*** DATA LISTING ***
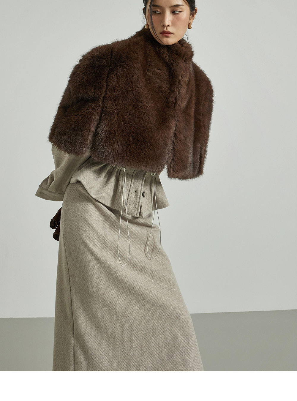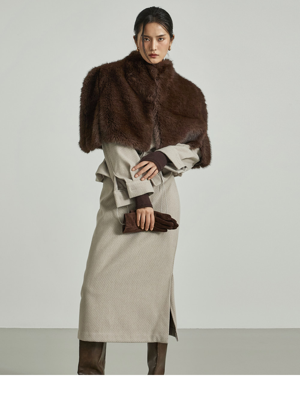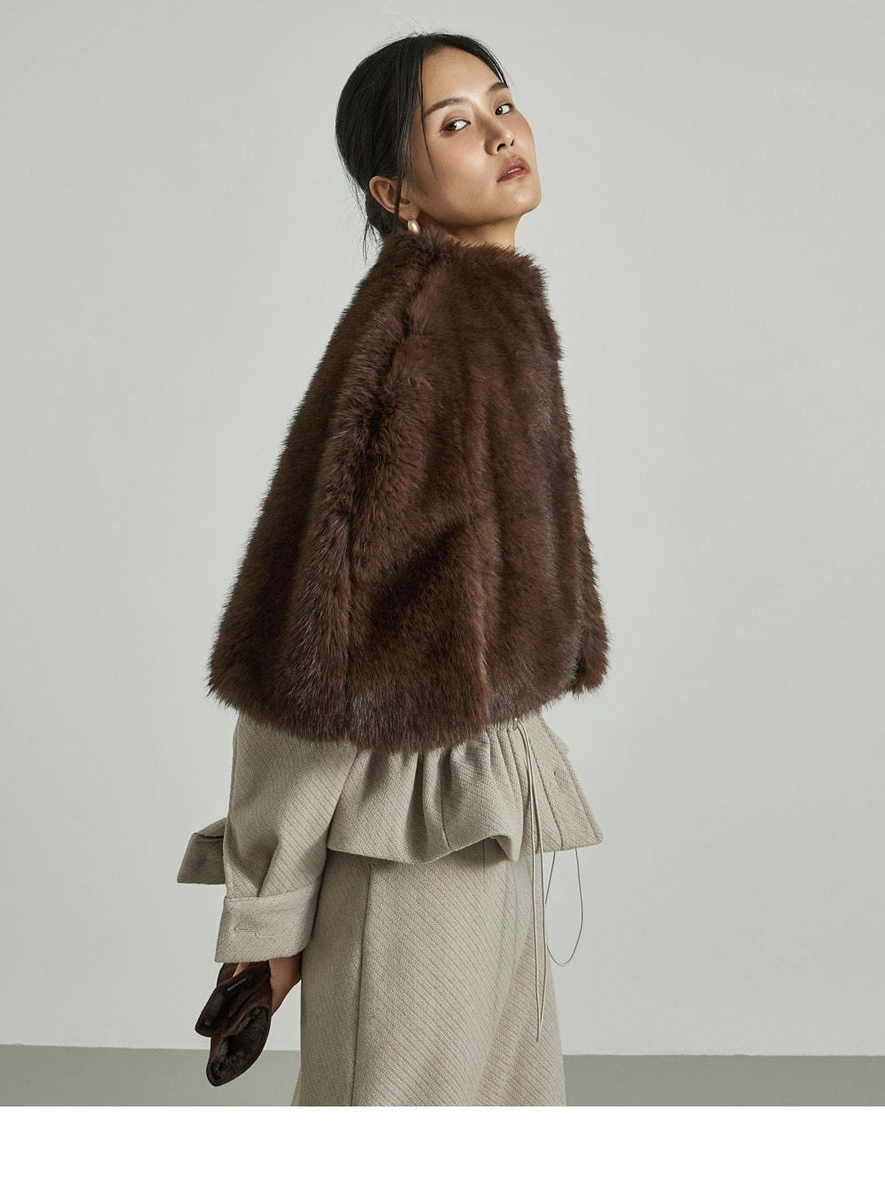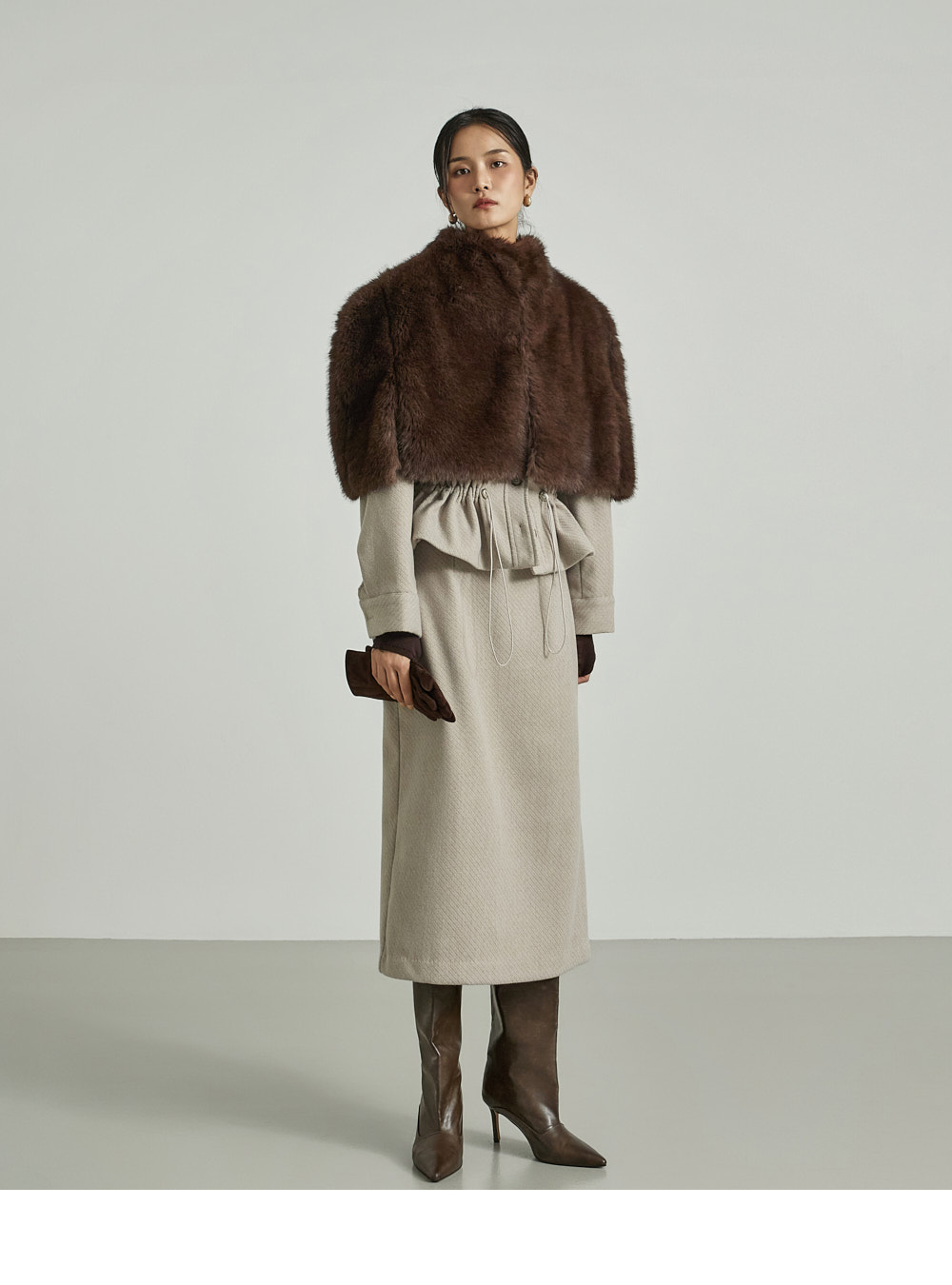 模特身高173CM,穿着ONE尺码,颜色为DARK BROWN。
***
*** DATA LISTING ***
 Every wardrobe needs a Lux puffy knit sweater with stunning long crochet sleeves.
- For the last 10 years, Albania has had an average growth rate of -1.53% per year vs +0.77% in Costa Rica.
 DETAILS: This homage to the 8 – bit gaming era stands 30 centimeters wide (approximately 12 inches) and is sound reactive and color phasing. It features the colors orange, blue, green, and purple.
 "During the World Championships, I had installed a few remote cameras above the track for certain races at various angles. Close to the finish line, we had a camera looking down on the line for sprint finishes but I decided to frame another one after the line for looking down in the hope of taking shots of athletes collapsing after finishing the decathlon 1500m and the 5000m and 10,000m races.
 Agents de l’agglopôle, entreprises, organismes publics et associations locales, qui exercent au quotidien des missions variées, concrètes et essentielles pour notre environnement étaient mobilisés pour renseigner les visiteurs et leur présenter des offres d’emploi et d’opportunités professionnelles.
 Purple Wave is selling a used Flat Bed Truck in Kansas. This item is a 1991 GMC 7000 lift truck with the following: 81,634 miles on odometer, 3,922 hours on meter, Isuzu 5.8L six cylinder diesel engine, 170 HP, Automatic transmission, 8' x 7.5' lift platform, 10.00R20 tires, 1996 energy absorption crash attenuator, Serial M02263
***
*** DATA LISTING ***
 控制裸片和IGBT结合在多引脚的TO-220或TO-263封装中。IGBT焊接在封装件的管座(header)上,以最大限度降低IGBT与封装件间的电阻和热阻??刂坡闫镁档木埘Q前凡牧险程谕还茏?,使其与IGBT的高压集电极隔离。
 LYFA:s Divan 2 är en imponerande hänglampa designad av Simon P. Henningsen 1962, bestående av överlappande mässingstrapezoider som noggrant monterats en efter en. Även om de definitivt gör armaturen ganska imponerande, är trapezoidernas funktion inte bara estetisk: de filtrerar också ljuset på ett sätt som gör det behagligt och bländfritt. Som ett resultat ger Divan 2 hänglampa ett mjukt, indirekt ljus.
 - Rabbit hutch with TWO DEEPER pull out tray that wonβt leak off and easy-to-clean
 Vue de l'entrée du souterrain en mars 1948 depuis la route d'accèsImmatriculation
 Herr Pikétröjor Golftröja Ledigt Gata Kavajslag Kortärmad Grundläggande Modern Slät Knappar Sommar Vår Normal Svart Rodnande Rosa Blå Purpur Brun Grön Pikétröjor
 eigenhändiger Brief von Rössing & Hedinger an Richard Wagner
***
EXERCISE:
Print again the lines of the entries above that fall between the line holding "控制裸片和IGBT结合在多引" and the line holding "eigenhändiger Brief von", inclusive, exactly as they stand.

THE ANSWER:
 控制裸片和IGBT结合在多引脚的TO-220或TO-263封装中。IGBT焊接在封装件的管座(header)上,以最大限度降低IGBT与封装件间的电阻和热阻??刂坡闫镁档木埘Q前凡牧险程谕还茏?,使其与IGBT的高压集电极隔离。
 LYFA:s Divan 2 är en imponerande hänglampa designad av Simon P. Henningsen 1962, bestående av överlappande mässingstrapezoider som noggrant monterats en efter en. Även om de definitivt gör armaturen ganska imponerande, är trapezoidernas funktion inte bara estetisk: de filtrerar också ljuset på ett sätt som gör det behagligt och bländfritt. Som ett resultat ger Divan 2 hänglampa ett mjukt, indirekt ljus.
 - Rabbit hutch with TWO DEEPER pull out tray that wonβt leak off and easy-to-clean
 Vue de l'entrée du souterrain en mars 1948 depuis la route d'accèsImmatriculation
 Herr Pikétröjor Golftröja Ledigt Gata Kavajslag Kortärmad Grundläggande Modern Slät Knappar Sommar Vår Normal Svart Rodnande Rosa Blå Purpur Brun Grön Pikétröjor
 eigenhändiger Brief von Rössing & Hedinger an Richard Wagner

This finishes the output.